Center for Strategic Communication


Earlier this week the Preparatory Commission for the Comprehensive-Nuclear-Test-Ban Treaty Organization (CTBTO) kicked off its second annual two-week advanced science and technology conference in Vienna, Austria.

The conference is a multi-disciplinary effort to bring together hundreds of scientists, experts, policy makers, and journalists from around the globe to spread knowledge about the broad range of the CTBTO’s verification regime.

The Comprehensive Test Ban Treaty is a zero-yield treaty that prohibits all forms of nuclear testing, in any environment, for any reason.

However, the CTBT is not in force. It has been signed and ratified by 157 states, with Indonesia’s ratification earlier this year being the most recent.

In order to enter into force, the CTBT must be ratified by the 44 Annex II states – the nations that participated in the CTBT negotiations from 1994-1996 and that possessed nuclear power reactors or research reactors at that time.

8 Annex II states have not yet ratified the Comprehensive Test Ban Treaty. The US is one of those countries, although it has observed a moratorium on nuclear tests since its last nuclear test in 1992.

The CTBTO conference highlights the broad range of verification measures the treaty has at its disposal to ensure detection of nuclear explosions.

The verification regime centers on four state-of-the-art technologies for nuclear explosion detection:

  1. Seismic: With 50 primary and 120 auxiliary seismic stations, the CTBTO can detect any belowground nuclear explosion.
  2. Infrasound: 60 surface stations monitor sound waves inaudible to the human ear that are emitted by large explosions.
  3. Hydroacoustic: 11 stations monitor frequencies in ocean waves caused by possible underwater nuclear explosions.
  4. Radionuclide: 80 stations detect atmospheric nuclides, essentially atoms that are radioactive. 40 of these also can detect radioactive noble gases such as xenon.

 

Data from these sensing apparatuses gets electronically transmitted to the International Data Center (IDC) in Vienna for analysis.

The CTBTO does not just have nuclear weapons-related implications.
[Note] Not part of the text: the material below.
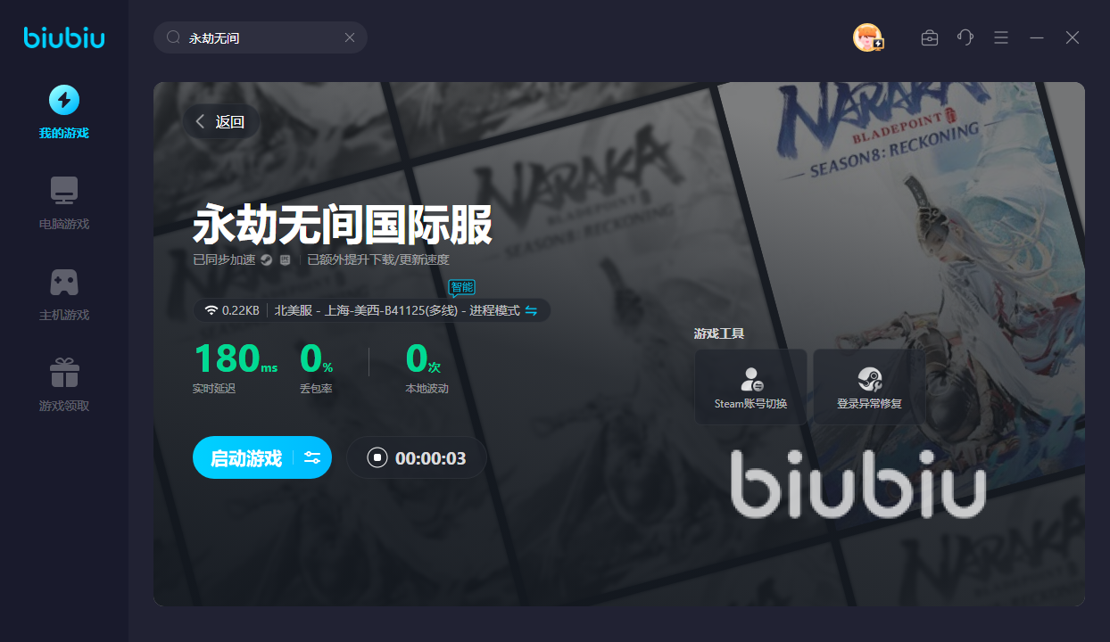 想要更好的解决永劫无间闪退怎么办。可以运行biubiu,便可极大程度的优化网络,让你放心的游戏,然后根据自己的操作技巧,将所有的技能攻击打出来,便可战胜一路上遇到的对手成为武林之主,也能在朋友面前大展身手,倍加有面子,而不是瑟瑟发抖。

There is a broad application for science and research, especially in regard to natural, or even manmade disasters.

The data collected from natural events like the Fukushima nuclear disaster, or the Russian wildfires in the summer of 2010, demonstrate the numerous capabilities of the verification regime.

The Central Institute for Meteorology and Geodynamics (ZAMG) of Austria was the first organization to accurately publish source estimates of released radioactive particles from Fukushima. They used data from the CTBTO IDC.
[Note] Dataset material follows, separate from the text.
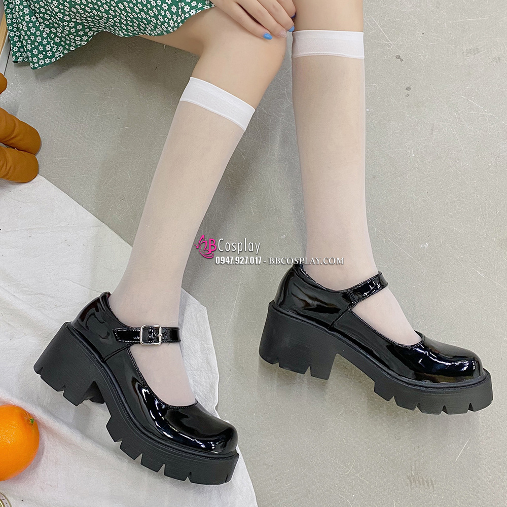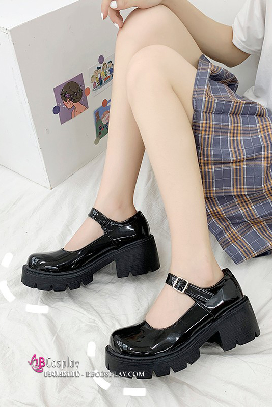 Giày Nữ Sinh Đen Bóng Đế Cao 6cm Siêu Tôn Dáng

The International Monitoring System (IMS) will eventually consist of over 330 facilities to monitor the planet for nuclear weapon detonations. None of the IMS stations were operational when the U.S. last voted on ratification of the CTBT. Today, the IMS is about 85 percent complete.

The CTBTO verification regime is robust and technologically savvy, making evasive testing very difficult.

Ratification of the CTBT would clearly enhance U.S. national security. As ASP CEO BGen Stephen Cheney recently wrote, “By ratifying the CTBT, at no consequence to our own nuclear capabilities, the United States further establishes an international norm that pressures Iran and North Korea to ratify the treaty as well. We no longer need to test, but these states do in order to bridge their knowledge gaps.”

After twenty years without nuclear testing, it’s time to take the next step by ratifying the CTBT.